Les aveux soutirés sous la torture sont consignés dans des procès-verbaux que les concernés doivent signer sans pouvoir les lire. Très souvent à leur sortie du lieu de détention secret, elles sont contraintes de signer une attestation dans laquelle elles confirment avoir été bien traitées. Rares sont les victimes qui osent ensuite faire état des tortures même devant le juge d’instruction. Malgré les menaces pesant sur elles, certaines ont tout de même témoigné. Ici quelques exemples:

Mohamed Sebbar, arrêté le 27 décembre 2002, avait séjourné en Bosnie au début des années 90 où il a combattu dans les rangs de l’armée bosniaque. Il avait obtenu la nationalité bosniaque. En 2001, ayant reçu des garanties du président algérien, il décide de rentrer en Algérie avec sa famille. Six mois plus tard, le 27 décembre 2002, il est arrêté par des agents du DRS. Il est détenu au secret pendant plus de 9 mois avant d’être présenté fin septembre 2003 devant le juge d’instruction. Mais auparavant ses tortionnaires l’ont contraint à signer un document attestant qu’il avait été bien traité et qu’aucun objet n’avait disparu de son domicile. Il signe un procès-verbal d’interrogatoire, truffé d’aveux extorqués sous la torture parce que l’officier le menaçait de mort. Il lui fit comprendre qu’il avait déjà exécuté plusieurs personnes et qu’il n’avait aucune chance de sortir de prison parce que le procureur et le juge d’instruction appartenaient à leur appareil. Arrivé au tribunal, M. Sebbar informe les deux magistrats de sa volonté de porter plainte contre les agents du DRS. Tous deux lui dirent que s’il ne connaissait pas les noms de ses tortionnaires, il ne pourrait porter plainte.32

M’hamed Benyamina, algérien résidant en France, a été arrêté le 9 septembre 2005 à l’aéroport d’Oran alors qu’il voulait rentrer en France après un séjour d’un mois en Algérie. Les agents du DRS qui ne se sont pas identifiés l’ont informé qu’il était arrêté sur demande des autorités françaises. Il a été détenu au secret dans un centre de l’armée à Alger pendant 5 mois. Il n’a été présenté devant le juge d’instruction que le 6 février 2006. Durant toute cette période de détention au secret, il n’a pas eu le droit de voir un avocat, et sa famille ne connaissait pas son lieu de détention. Quand il a été présenté devant le juge d’instruction, il s’est plaint des tortures subies et d’avoir été contraint de signer le procès-verbal d’interrogatoire sans avoir pu prendre connaissance de son contenu. Depuis il est emprisonné sans avoir été jugé. Le Groupe de travail sur la détention arbitraire saisi du cas a constaté le 21 novembre 2006 que sa détention est arbitraire.

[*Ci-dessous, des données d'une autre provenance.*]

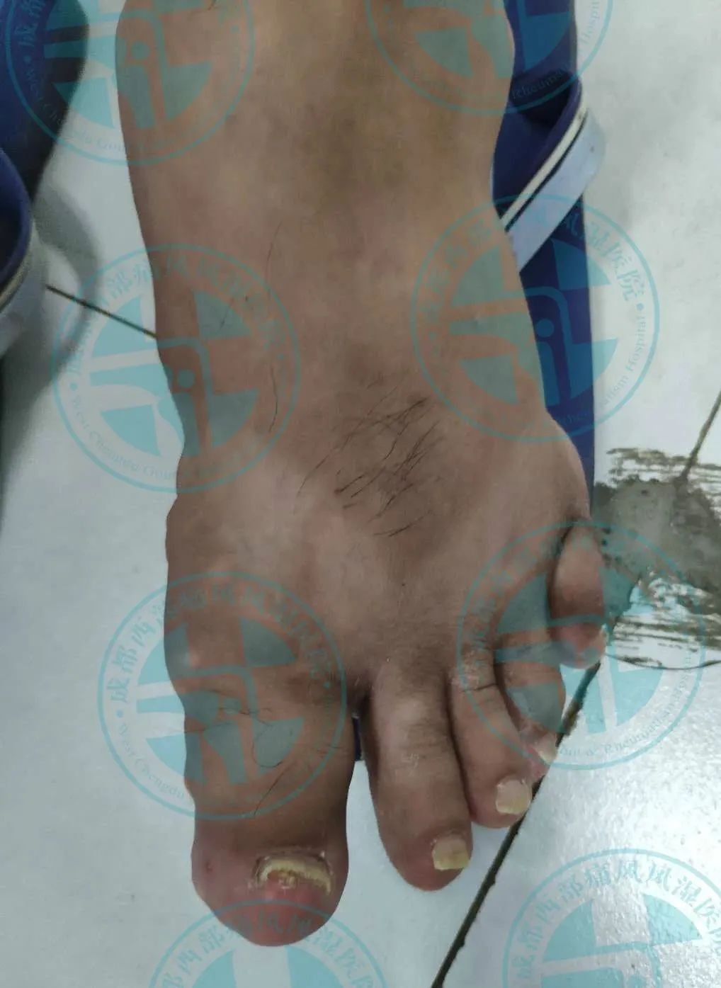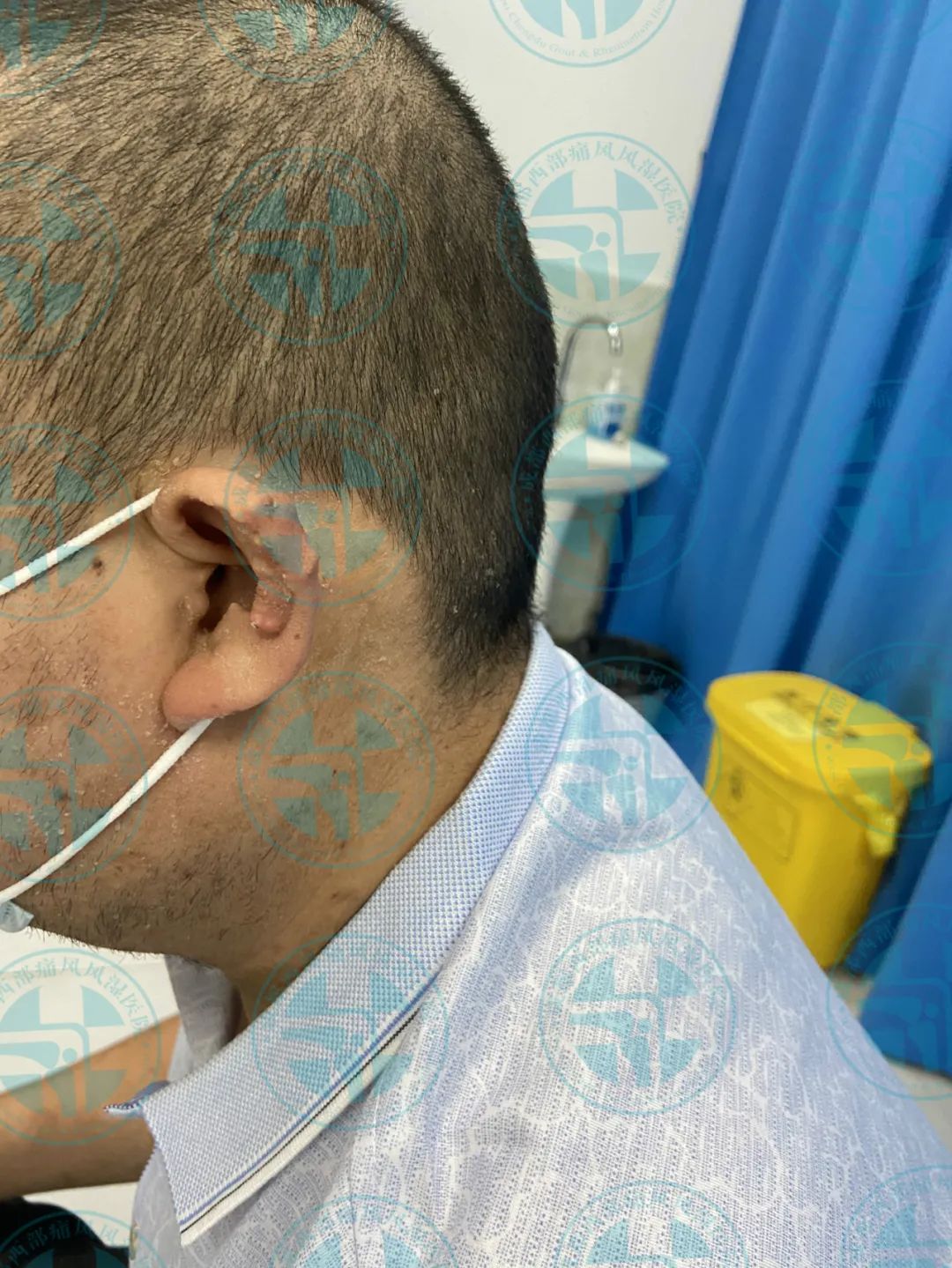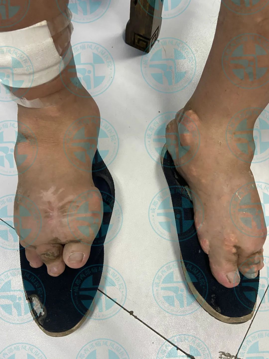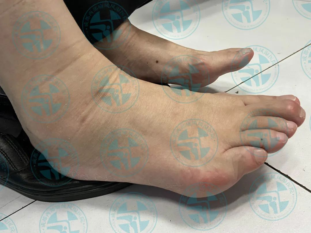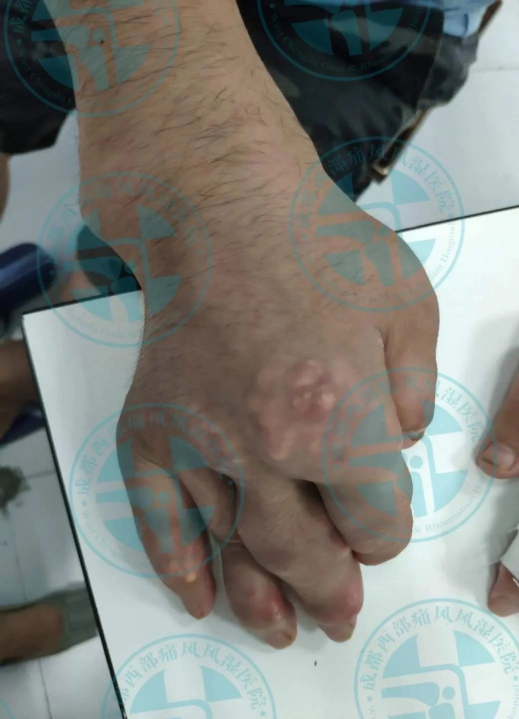 患者王先生10年前无明显诱因出现右足第一跖趾关节红肿、疼痛,在当地医院就诊经检查尿酸高(具体数值不详),确诊为“痛风性关节炎”,经口服消炎止痛药物后疼痛缓解(具体药名不详),10年来病情反复发作并逐渐累及双足、双踝、双膝、双肘、双手、双腕、双耳等关节并出现痛风石,期间每次疼痛发作时均以口服消炎止痛药物缓解症状(具体用药不详),2月前出现右下肢痛风石破溃并伴有粉笔灰状液体流出。
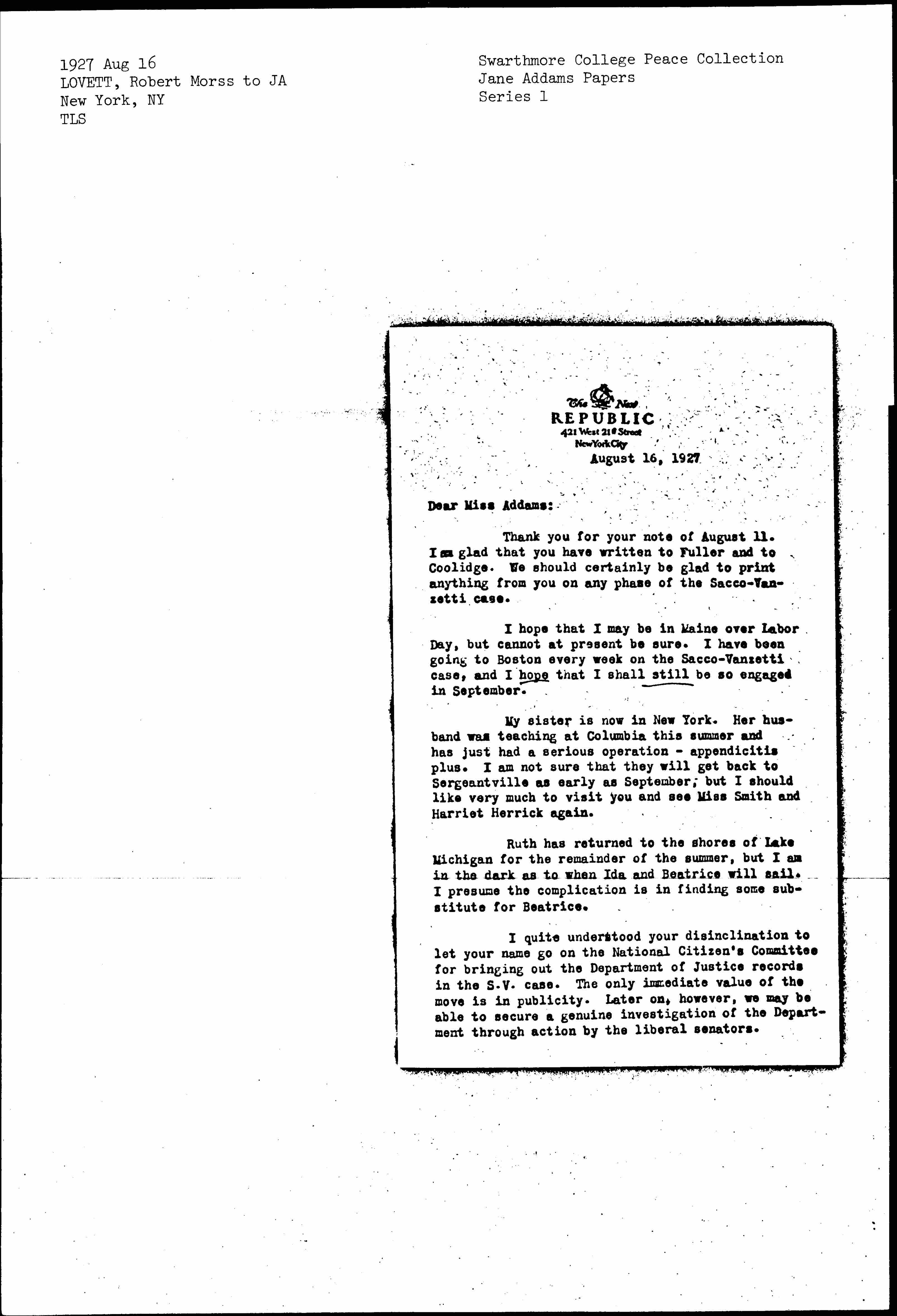 I hope that I may be in Maine over Labor Day, but cannot at present be sure. I have been going to Boston every week on the Sacco-Vanzetti case, and I hope that I shall still be so engaged in September.

Nouamane Meziche qui a la double nationalité algérienne et française et qui réside en Allemagne a été arrêté lors d’un voyage en Algérie le 5 janvier 2006, à son arrivée à l’aéroport d’Alger. Aucun mandat d’arrêt n’avait été émis et il n’avait pas été condamné par défaut. Il a été détenu au secret pendant 43 jours dans le centre « Antar » du DRS où il a subi des tortures. Ce n’est que le 19 février qu’il a été présenté à un juge d’instruction qui l’a inculpé d’ »appartenance à un groupe terroriste agissant à l’extérieur ». Dans le cadre des dispositions de l’ordonnance d’application de la charte l’action publique à son encontre a été annulée et il a été libéré le 4 mars 2006.

L’affaire de Ain-Taghrout: Plus d’une dizaine de personnes ont été enlevées par les agents du DRS dans le petit village de Ain-Taghrout (Wilaya de Bordj Bou Arreridj) entre le 20 et le 23 décembre 2006. Tous ont été systématiquement torturés dans les locaux du DRS de Constantine avant de se voir inculpés « d’apologie au terrorisme » et placés en détention provisoire.

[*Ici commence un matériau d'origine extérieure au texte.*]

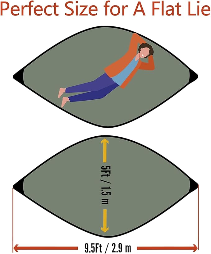 - Perfect Size for A Flat Lie: Want to a comfortable diagonal Lay? This portable hammock size is 9.5ft *5ft.Most of the campers confirmed this is a perfect size for their adventures. No too small , or even too short. You can sleep at about a 45 degree angle to the support lines to get a flater lie
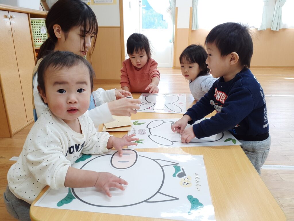 乳児さんは動物の福笑いと書き初めをしました!
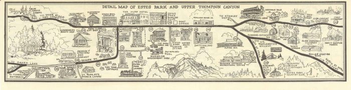 This reproduction map was part of a 1940 brochure that was “presented by the Resorts and Places of Business shown here, to help make your vacation more enjoyable.” The 1940 Detail Map of Estes Park and Upper Thompson Canyon, created by cartographer C. H. Ruth, is a striking pictorial representation of the region’s road network and tourist economy just before the interstate era. The map focuses on key transportation routes traversing through Estes Park and beyond. Alongside the roads, the map is filled with detailed illustrations of tourist lodges, service stations, and mountain cabins, and other points of interest. On the original map, the verso featured detailed insets of town centers like Boulder, Loveland, and Grand Lake, including a unique illustration of the University of Colorado campus.
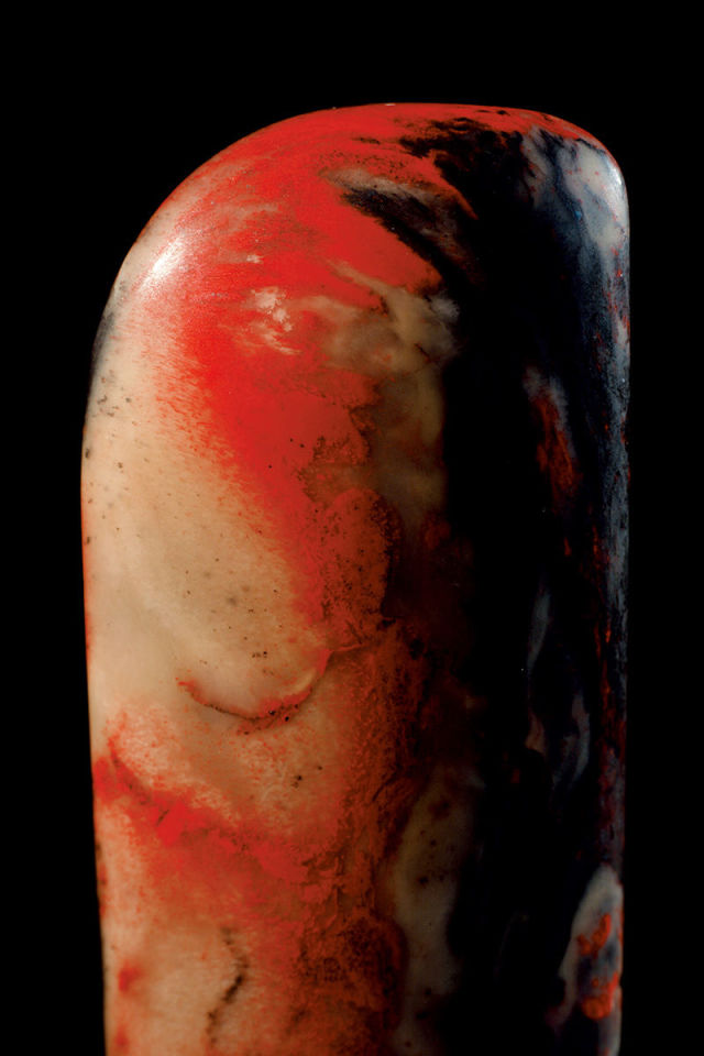 王文甫藏有一枚昌化鸡血的极品“刘关张”,虽然鸡血以大红袍最为著名,“刘关张”却是最为传神和珍贵的,因为红、白、黑三种石色合于一石,三色分别对应关羽、刘备和张飞,因称“刘关张”。在很多金石爱好者的眼里,“刘关张”是只存在于传说中的石材。印文为:聚石楼。齐白石为陆质雅刻于一九三三年。或许是爱惜难得的石材,齐白石只以时间和名字作为边款。“聚石楼”也是王文甫曾经用的号。

Mounir Hammouche est décédé sous la torture. Enlevé sur la voie publique à Ain Taghrout, Wilaya de Bordj Bou Arreridj, par plusieurs personnes en tenue civile le 20 décembre 2006, il avait été conduit dans un centre du DRS. Il lui avait été reproché « de ne pas faire la prière dans la mosquée la plus proche de son domicile » et « de porter une barbe ainsi qu’une tenue vestimentaire islamique ». Libéré le lendemain, il avait de nouveau été enlevé dans les mêmes conditions le 23 décembre suivant ainsi qu’une dizaine d’autres personnes dans le même village parmi lesquelles, Antar Zaibet, Mourad Zaibet, Fares Messahel, Walid Laggoune, Mahmoud Belaid et Mounir Rezazga. Tous ont été torturés dans un centre du DRS de Constantine et portaient des traces visibles de tortures au moment de leur présentation devant le juge d’instruction.

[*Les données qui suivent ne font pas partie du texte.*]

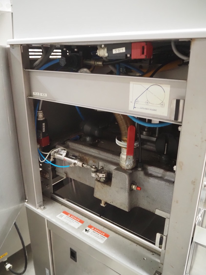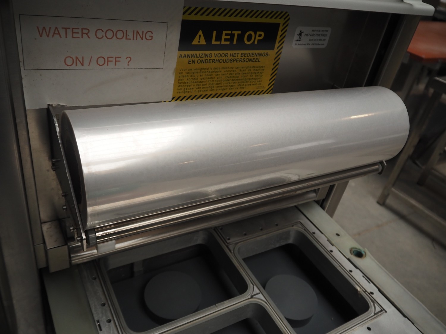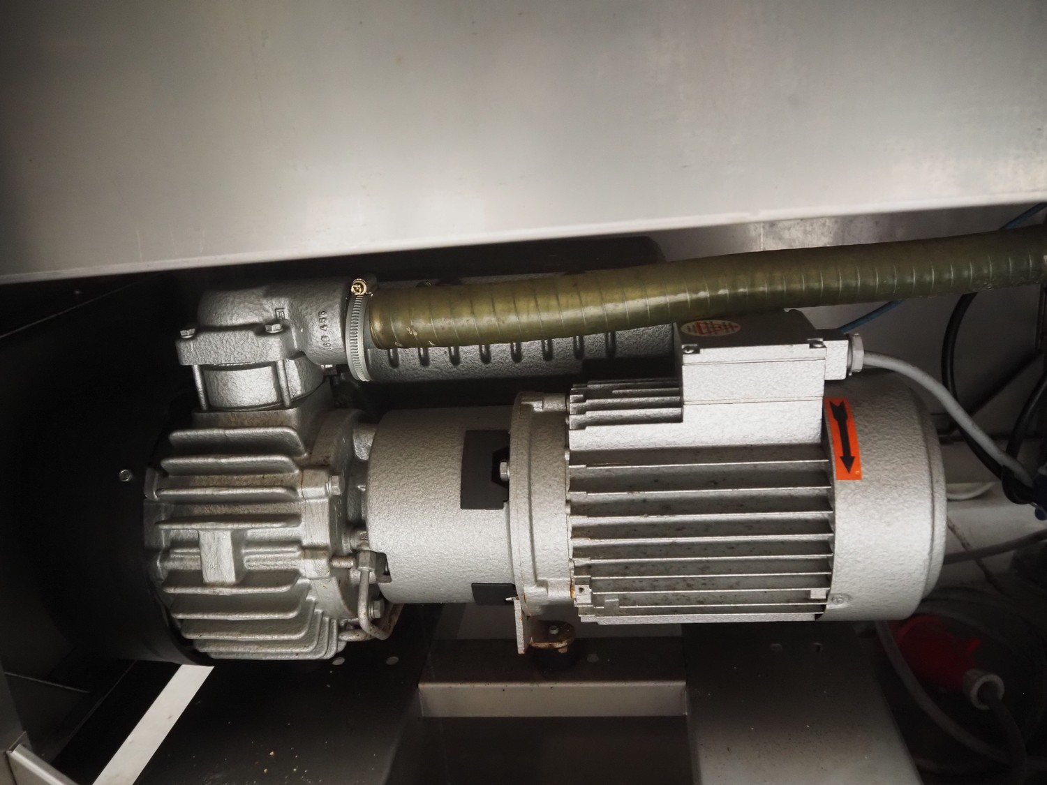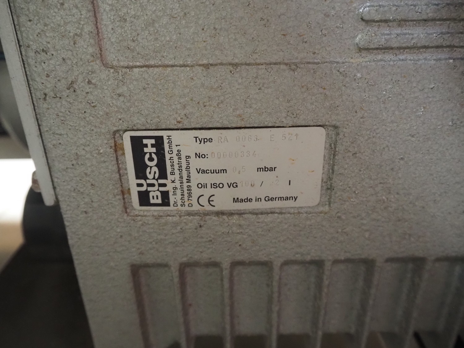 Multivac tray sealer, type: Galaxy, model: TS 355, machine number: 996, year of construction: 2000, 380 V, 3 Ph, 50 Hz, 2.3 A, 8.75 kW, film width: 500 mm, dye: (3x) 211 mm x 163 mm, with Busch vacuum pump, type: RA 0063 E 5Z1, 63 m³/h, total dimensions: 730 mm x 1250 mm x 1540 mm.
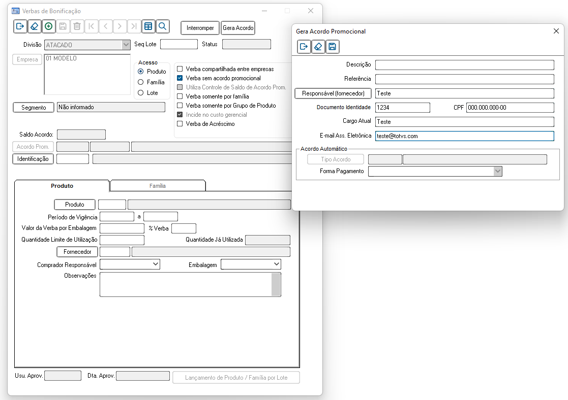 Crie uma Verba Sem Acordo Promocional preenchendo na dialog de Gera Acordo Promocional os dados de um Responsável (Nome, Documento, CPF e Cargo).
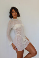 Feito em tule leve com fios de lurez dourado Conxá, ele une transparência e personalidade na medida certa.
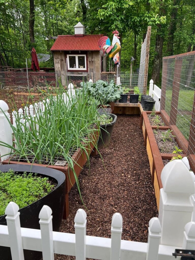 This charming, slightly eclectic garden features a mix of raised wooden beds and large planters filled with tall onions and other veggies, all enclosed by a neat white picket fence. A rustic wooden shed with a bright red metal roof and a whimsical rooster decoration sits in the background, adding personality. The pathway is covered in a deep layer of reddish-brown wood chip mulch.
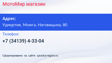 МотоМир, магазин по адресу Удмуртия, Можга, Наговицына, 80 в дальнейшем Организация, размещена в следующих категориях:
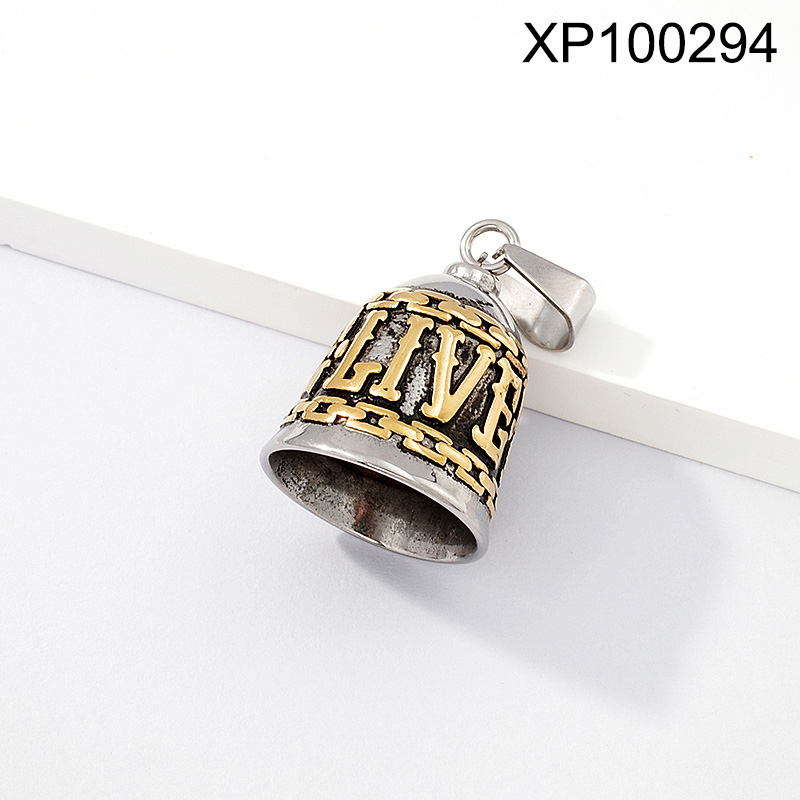 Level B Stainless Steel New Trendy Man Jewelry Punk Rock Vintage Small bell LIVE Two Tone Pendant

Le corps de Mounir Hammouche a été remis à ses parents le 29 décembre au soir. Il leur a été déclaré « qu’il s’était suicidé ». Ses parents qui ont constaté que son corps portait de nombreuses traces de tortures, dont une blessure au niveau de la tête ainsi que des ecchymoses au niveau des mains et des pieds ont demandé qu’une autopsie soit effectuée avant l’enterrement. Ils se sont vus répondre « qu’une autopsie avait de toute façon été pratiquée ». Malgré les protestations de la famille, l’enterrement a eu lieu le lendemain sous surveillance policière. Le rapport d’autopsie n’ayant jamais été communiqué à la famille, celle-ci s’est adressée au procureur de la république du tribunal de Ras El Oued et au Procureur général de la Cour de Borj Bou Arreridj pour en demander une copie. Elle n’a pas obtenu de réponse à ce jour. Son cas a été communiqué à M. le Rapporteur spécial sur la torture le 16 janvier 2007 et à M. le Rapporteur spécial sur les exécutions extrajudiciaires le 18 janvier 2007.

4.2 Les familles de disparus sont également soumises à une forme de torture

Nonobstant les autres droits protégés par le Pacte qui sont violés en matière de disparitions forcées, cette pratique généralisée dans les années 1993-1997 continue de produire des effets dramatiques dans la société et en particulier sur les proches des victimes toujours dans l’ignorance du sort des leurs et sans accès au droit à la vérité.

Ces disparitions sans explications officielles et sans volonté politique de faire la lumière sur ces évènements continuent à constituer pour les parents des victimes une épreuve douloureuse et angoissante et les maintiennent dans un état d’incertitude et de souffrance profonde assimilables à la torture.

Même pour les familles des personnes enlevées par les services de sécurité et disparues qui ont été informées officiellement du décès de leurs proches, les autorités refusent de les informer sur les circonstances de leur mort et sur le lieu où le corps aurait été enterré.

Questions: L’article 45 de l’ordonnance de mise en œuvre de la charte pour la paix et la réconciliation est-il compatible avec les dispositions du code pénal punissant le crime de torture?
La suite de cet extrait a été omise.